The 2012 Mid-Ohio Sports Car Challenge was a multi-class sports car and GT motor race held at the Mid-Ohio Sports Car Course in Ohio, United States on August 4, 2012. It was the sixth round of the 2012 American Le Mans Series season and the 41st race in the combined history of sportscar races associated with the Mid-Ohio Sports Car Challenge. The race was held over a two-hour-and-45-minute time period, during which 123 laps of the 3.6 kilometre circuit were completed for a race distance of 447 kilometres.

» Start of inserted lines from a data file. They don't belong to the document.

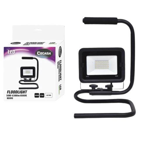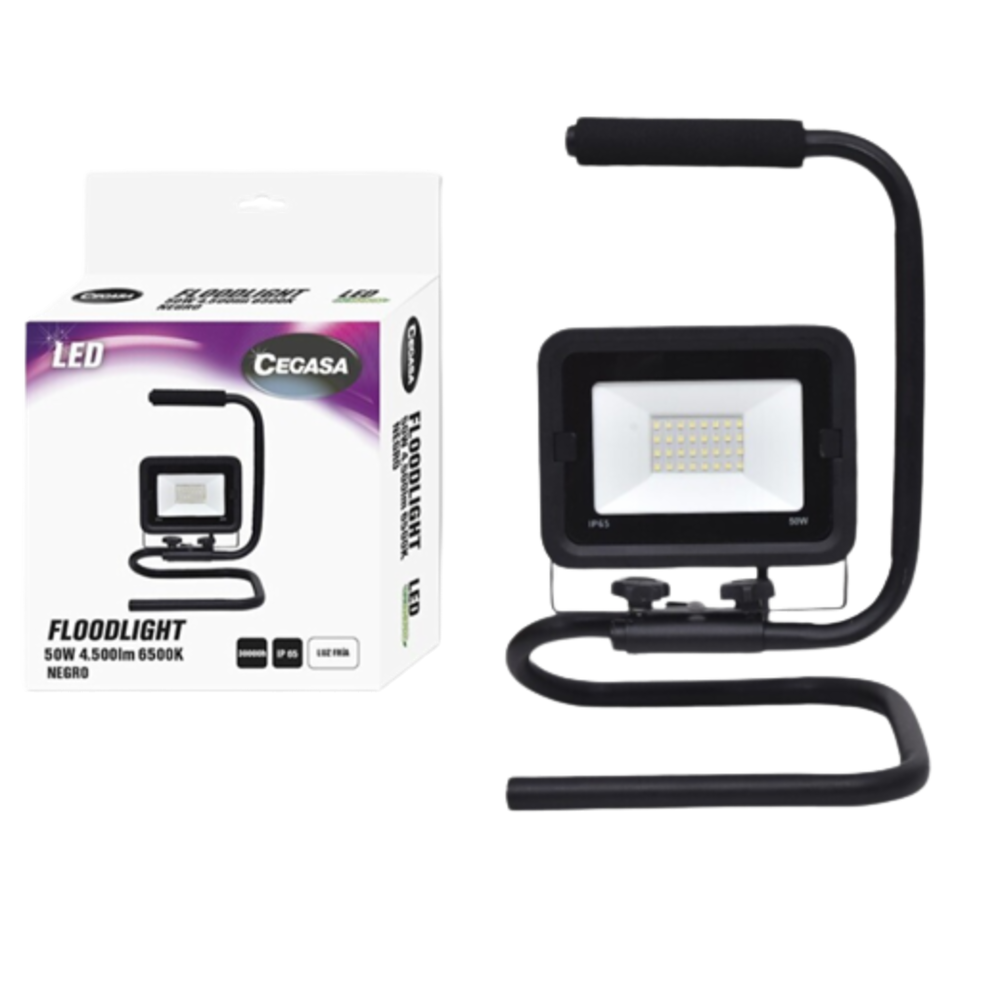 El Focus Projector LED amb Suport de 50 W i 4500 lúmens de la marca CEGASA és una excel·lent opció per a il·luminació exterior eficient i duradora. Inclou un suport metàl·lic per al seu transport i col·locació en diferents zones.
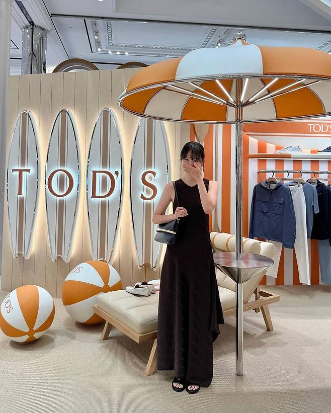 배우 윤승아가 이탈리아 럭셔리 브랜드 토즈(TOD’S)의 플래그십 매장에서 포착됐다. 깔끔한 우드 톤과 오렌지 포인트가 어우러진 전시 공간 속, 윤승아는 우아하면서도 미니멀한 무드의 블랙 원피스와 토즈 백을 매치해 시선을 사로잡았다.
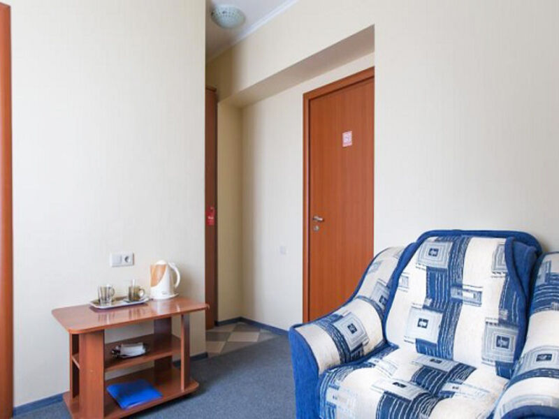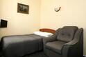 12,4 кв.м, 1,5 спальная кровать, кресло-кровать, Х,ТВ, шкаф, журн.столик, чайник, посуда, фен, с/у, туалет.принадлежности
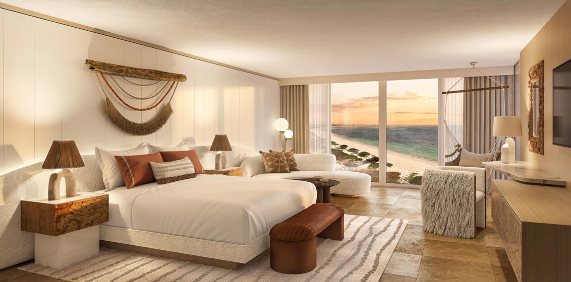 The resort boasts 100 guest rooms and suites crafted with regionally sourced materials, such as native wood, coral stone, and sisal, to create a sense of tranquility while enhancing the connection to the natural surroundings via floor-to-ceiling windows and expansive balconies.
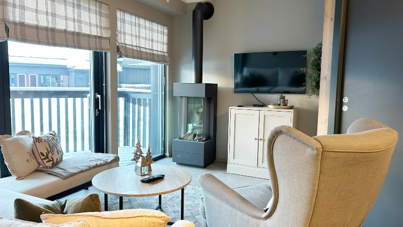 Övrigt: TV, gaseldad öppen spis/kamin. Tvättmaskin. Lägenheten ligger på 1:a våningen. Lägenhetsbyggnaden har hiss, men lägenheten är inte handikappanpassad. Skidförråd, balkong (skottas ej).
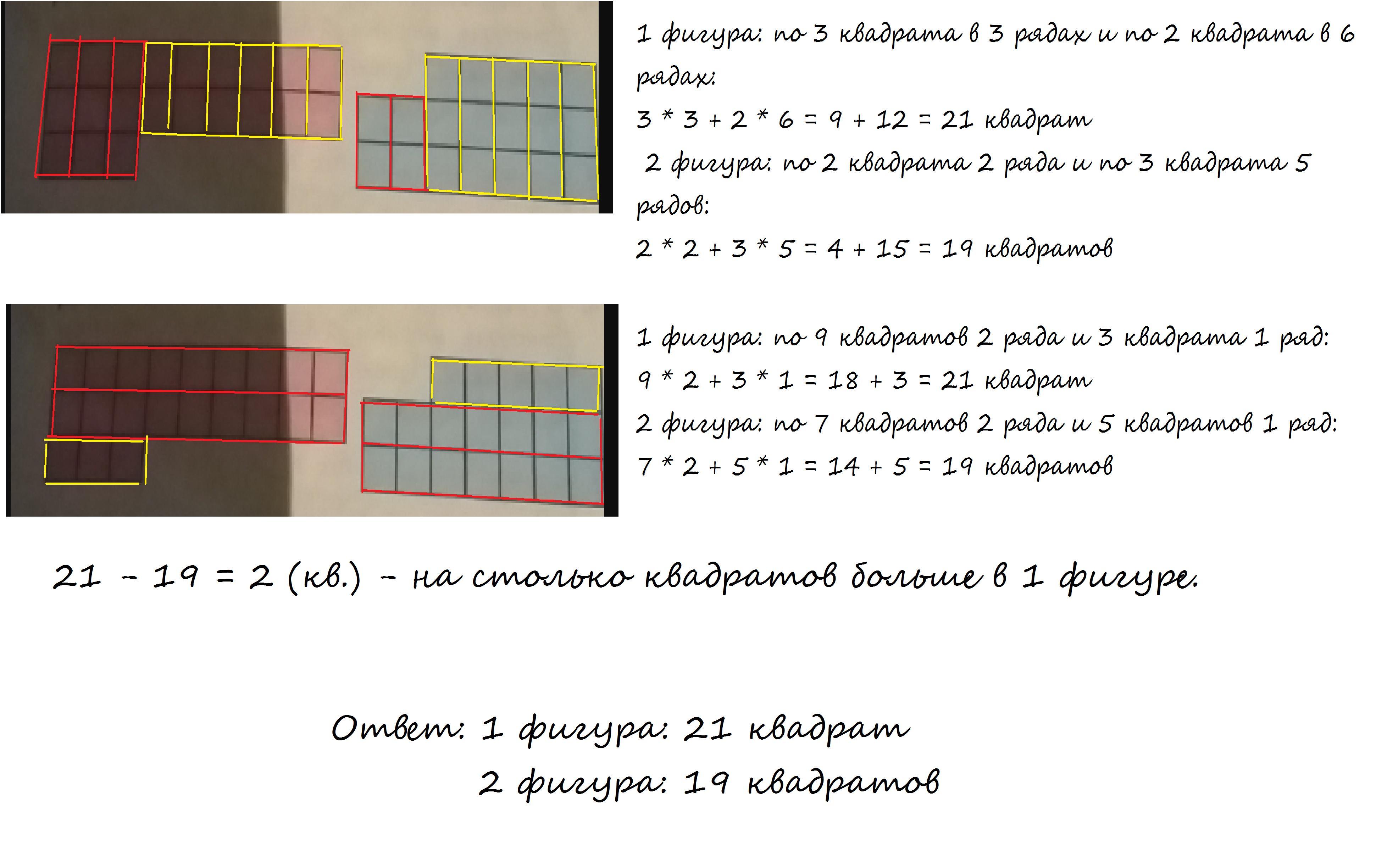 посчитай разными способами на сколько одинаковых квадратов разбита каждая фигура в какой из них поместилось больше квадратов

The race was won by the Muscle Milk Pickett Racing team. German drivers Lucas Luhr and Klaus Graf driving a HPD ARX-03a Honda sports car won by over a lap from their season long P1 class rivals, the Dyson Racing Team run Lola B12/60 sports car. It was the fifth consecutive victory for Luhr and Graf. It was Luhr third outright win at Mid-Ohio and Graf's second. The second Dyson Racing Team Lola-Mazda was in third place near the end of the race when the gearbox failed.

Level 5 Motorsports took their fifth win of the season taking a seven second win in their HPD ARX-03b over their season long rivals, the Conquest Endurance team Morgan LMP2. It was Scott Tucker's fifth win of the season and Christophe Bouchut's fourth win.

Fifth was the second Level 5 Motorsports HPD-Honda ahead of the Prototype Challenge class winners, the PR1/Mathiasan Motorsports pair of Rudy Junco and Marino Franchitti in their Oreca FLM09. It was the team's third victory in the Prototype Challenge class adding to wins at Road America and Road Atlanta in 2011.

Eleventh outright was the GT class winners, Corvette Racing pair of Oliver Gavin and Tommy Milner in their Chevrolet Corvette. Gavin had to endure twenty minutes of pressure from Jörg Bergmeister in the Flying Lizard Motorsports. The margin of victory was just 0.2 seconds.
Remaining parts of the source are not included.